Check that you received the services. If not, contact your health-care provider and have them explain any discrepancies, experts said.
Then get your explanation of benefits from your health insurance provider and compare it to the itemized bill. If they do not line up, experts said, ask everyone involved to explain how the numbers were determined.
Simple mistakes such an incorrect medical code or a missing medical record should be easily corrected. “This happens a lot,” said Martine Brousse, a patient advocate who was a billing manager for medical providers before starting her own patient advocacy firm called AdvimedPro.
In general, when negotiating medical bills, experts said, the key is to make a connection with a person who has decision-making power, whether at your physician’s office, hospital or health insurance company. “The systems are cold, but the individuals aren’t,” Yang said.

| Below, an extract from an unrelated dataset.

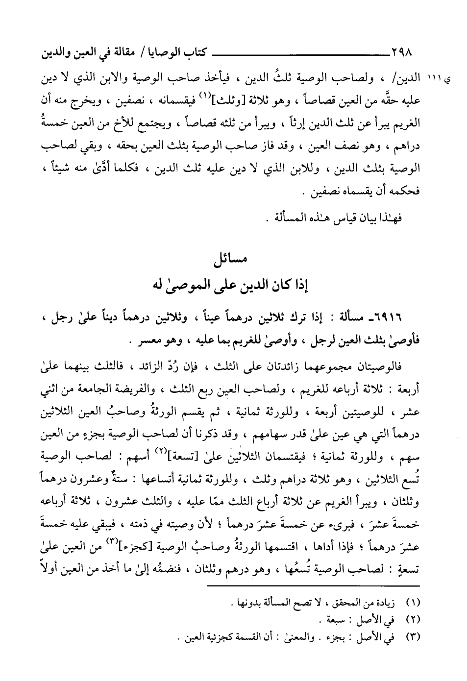 مسائل إذا كان الدين على الموصى له

Loop in your health-care provider
If a medical bill problem is going to take time to sort out, Null suggested asking the billing department of your health-care provider to put the claim on hold, explaining that you are disputing the bill with your insurance provider and need time to do it. This will give you that time without the risk of being turned over to a collection agency.
“You want to show the provider that you are taking on the responsibility,” she said. “But you want to make sure that the bill you pay is the appropriate bill to pay.”
Consider an appeal
The burden is on the insurance company to explain the costs on your bill, Brousse said. “They have a fiduciary duty toward their members to not only pay the claims properly and at the highest rate possible, but to stand and justify how they process the claim,” she said.
When you still believe there is an error, you can appeal the claim with the insurance company. Brousse cautioned, however, that there is often a limit on the number of appeals — sometimes only two to three — so do not waste an appeal when a simple phone call may get the claim reprocessed.
Enlist help from a patient advocate
Once you hit a roadblock or a dead-end, it may be time to contact a professional for help. Patient advocates, also called patient navigators, can be hired to help. Be sure to discuss fees, often based on hourly rates, in advance.
“If you have any kind of underlying suspicion that what the insurance has told you is not right, definitely contact a patient advocate, at least to give yourself peace of mind,” Brousse said.
Take advantage of financial assistance
If there was no mistake with your bill, but you cannot afford to pay it, check into financial assistance. Under the Affordable Care Act, hospitals are required to have financial assistance policies. If you meet certain income requirements, you may qualify for financial assistance programs, often called “charity care.” These programs may allow your bill to be canceled in whole or in part.
Every hospital can set its own income requirements — based on the current federal poverty levels — and these should be listed on its website. If not, contact the billing department to get that information, Brousse said.
For hospital bills, a financial counselor or social worker at the facility can help determine whether you may qualify for financial assistance and then help you apply for it.
If you are uninsured, ask for a self-pay or cash discount, Brousse said. If you are not eligible for charity care, set up a payment plan. Get the agreement and any terms related to it in writing to protect against interest surprises, late fees or penalties.
And don’t put it on a credit card or take out a loan to pay for it before you seek assistance, said Berneta Haynes, a senior staff attorney at the National Consumer Law Center. By paying it off, even on credit, “you’re essentially giving up your ability to even obtain financial assistance,” she said.
Don’t take too much time to decide. Health-care providers can — and will — sell your debt to collections agencies after 90 days. It is, however, in their best interest to work with you since they sell that debt at a fraction of the cost, Yang said.